Obeticholic Acid Tied to Better Outcomes in Primary Biliary Cholangitis

Patients with primary biliary cholangitis (PBC) on obeticholic acid (Ocaliva) had better transplant-free survival compared with those who did not receive the treatment, according to an analysis using participants from the randomized POISE trial.

Over 6 years of follow-up, fewer deaths and liver transplants occurred in 209 patients in the POISE cohort (2.4%) compared with external control patients who did not receive obeticholic acid in two registry cohorts, reported Bettina Hansen, PhD, of the Erasmus University Medical Center in Rotterdam, the Netherlands, and colleagues:

• 10% of 1,381 patients in the Global PBC control group
• 13.2% of 2,135 patients in the U.K. PBC control group

The prespecified primary analysis using inverse probability treatment weighting yielded hazard ratios of 0.29 (95% CI 0.10-0.83, P=0.02) for POISE patients versus Global PBC controls, and 0.30 (95% CI 0.12-0.75, P<0.01) for POISE patients versus U.K. PBC controls, indicating that those treated with obeticholic acid in a trial setting had significantly greater transplant-free survival than those in the external control groups, the authors noted in Gastroenterology.

“The goal of therapy in patients with PBC is to prevent progression to these events, and this is the first study to demonstrate that treatment with obeticholic acid is associated with a reduction in death, liver transplant, and hepatic decompensation,” they wrote. “These data add to an accumulating body of real-world evidence showing a positive effect of OCA [obeticholic acid] treatment on hepatic biomarkers, fibrosis, and PBC risk scores, and support current guidance, which recommend initiation of second-line therapy if UDCA [ursodeoxycholic acid] is not tolerated or at 6 to 12 months after starting UDCA if there is an inadequate response.”

PBC, a rare autoimmune cholestatic liver disease, causes progressive destruction of the intrahepatic bile ducts, resulting in cholestasis, inflammation, and fibrosis. Without treatment, patients can progress to end-stage cirrhosis, leading to hepatic decompensation and, without transplantation, death. PBC predominantly affects women over 40.

Obeticholic acid works to reduce liver enzymes, such as alkaline phosphatase (ALP), which are known to cause adverse liver outcomes. It was approved in 2016 as a second-line treatment option for PBC patients who show an intolerance or inadequate response to first-line UDCA, but in 2021, the FDA restricted the use of obeticholic acid due to the risk of serious liver injury in patients with advanced cirrhosis.

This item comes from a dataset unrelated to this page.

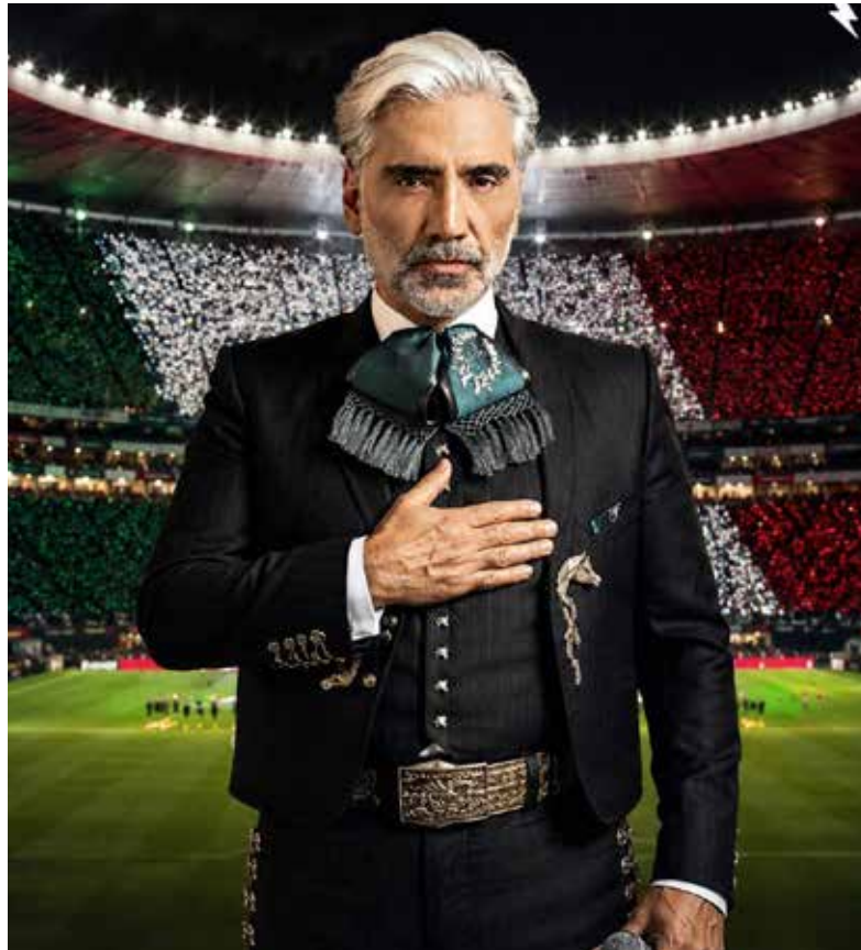
Alejandro Fernández representará a México durante la inauguración de la Copa del Mundo 2026 en el Estadio Azteca.

La transmisión televisiva y el espectáculo artístico de la ceremonia comenzarán exactamente 90 minutos antes del silbatazo inicial, el cual está programado para las 13:00 horas (tiempo del centro de México). La cobertura estará disponible completamente en vivo a través de los canales principales de televisión abierta en México (Televisa/TUDN y TV Azteca), además de plataformas oficiales de streaming. La noticia ha desatado una gran ola de orgullo nacional en las plataformas digitales. La participación del menor de la

“The results of this analysis support the continued use of long-term OCA therapy to optimize the prognosis of patients with PBC, as well as the use of surrogate markers to accelerate drug approval in rare disease,” Hansen and colleagues concluded.

For this study, Hansen and colleagues examined data on PBC patients receiving obeticholic acid from the multicenter, double-blind, placebo-controlled POISE trial (n=209), including 193 patients who rolled over into its open-label extension trial, and compared them with PBC patients who did not receive obeticholic acid from two registry studies, Global PBC (n=1,381) and U.K. PBC (n=2,135). All included patients were inadequate responders to UDCA.

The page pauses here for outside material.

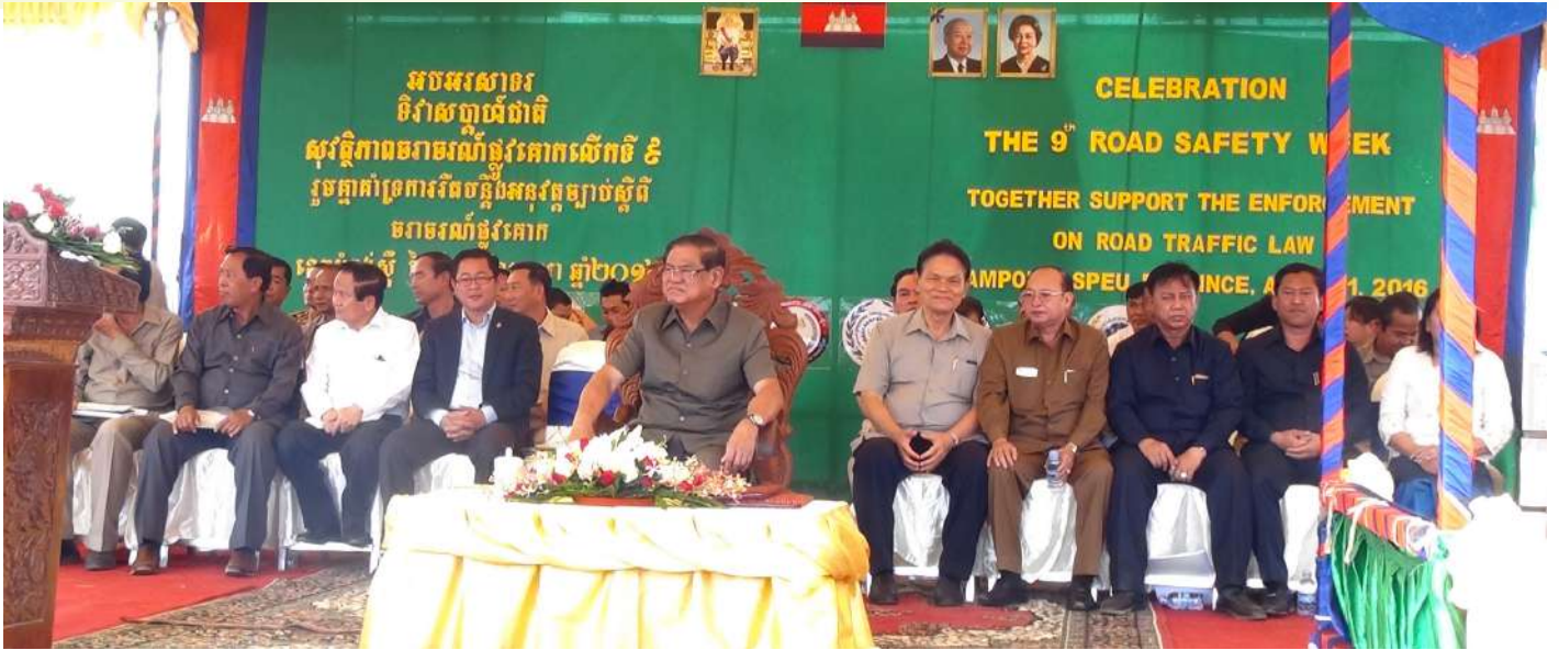
សម្តេចក្រុងហោម ស ខេង អញ្ជើញជាអធិបតីក្នុងពិធីទិវាសប្តាហ៍ជាតិសុវត្ថិភាពចរាចរណ៍ផ្លូវគោកលើកទី៩ នៅខេត្តកំពង់ស្ពឺ

កាលពីរសៀលថ្ងៃទី១១ ខែមេសា ឆ្នាំ២០១៦ បេឡាជាតិរបបសន្តិសុខសង្គម (ប.ស.ស) បានសហការជាមួយអាជ្ញាធរខេត្តកំពង់ស្ពឺ រៀបចំប្រារព្ធពិធីទិវាសប្តាហ៍ជាតិសុវត្ថិភាពចរាចរណ៍ផ្លូវគោកលើកទី៩ នៅកីឡដ្ឋានខេត្តកំពង់ស្ពឺ ក្រោមអធិបតីភាព សម្តេចក្រុងហោម ស ខេង ឧបនាយករដ្ឋមន្ត្រី រដ្ឋមន្ត្រីក្រសួងមហាផ្ទៃ និងជាប្រធានគណៈកម្មាធិការជាតិសុវត្ថិភាពចរាចរណ៍ផ្លូវគោក អមដោយឯកឧត្តមរដ្ឋមន្ត្រី ឯកឧត្តមអភិបាល នៃគណៈអភិបាលខេត្តកំពង់ស្ពឺ និងមានសមាសភាពចូលរួមពី លោកក្រូ អ៊ុកក្រូ សិស្សានុសិស្សយុវជន កាកបាទក្រហម កាយវិទ្ធុ បងប្អូនកម្មករនិយោជិត និងអ្នកបើកបរដឹកជញ្ជូនកម្មករនិយោជិតប្រមាណជាង ២០០០ នាក់។

Patients with events occurring during the first 6 months were excluded. However, an ad hoc sensitivity analysis showed that the findings remained significant and did not differ even when including events that occurred within the first 6 months.

Mean patient age was 56-61. Nearly all were women (89-91%). Most had taken UDCA for an average of 40-48 months. Average disease duration was 4.5 to 7.8 years.

A subgroup analysis showed no significant difference between POISE patients with or without cirrhosis compared with the Global PBC cohort.

Changes in biomarker levels — from baseline to 1 year — favored both control groups, except for bilirubin in the U.K. PBC cohort.

Hansen and colleagues noted that unobserved bias and selection bias could not be ruled out, since the POISE trial may have enrolled healthier patients.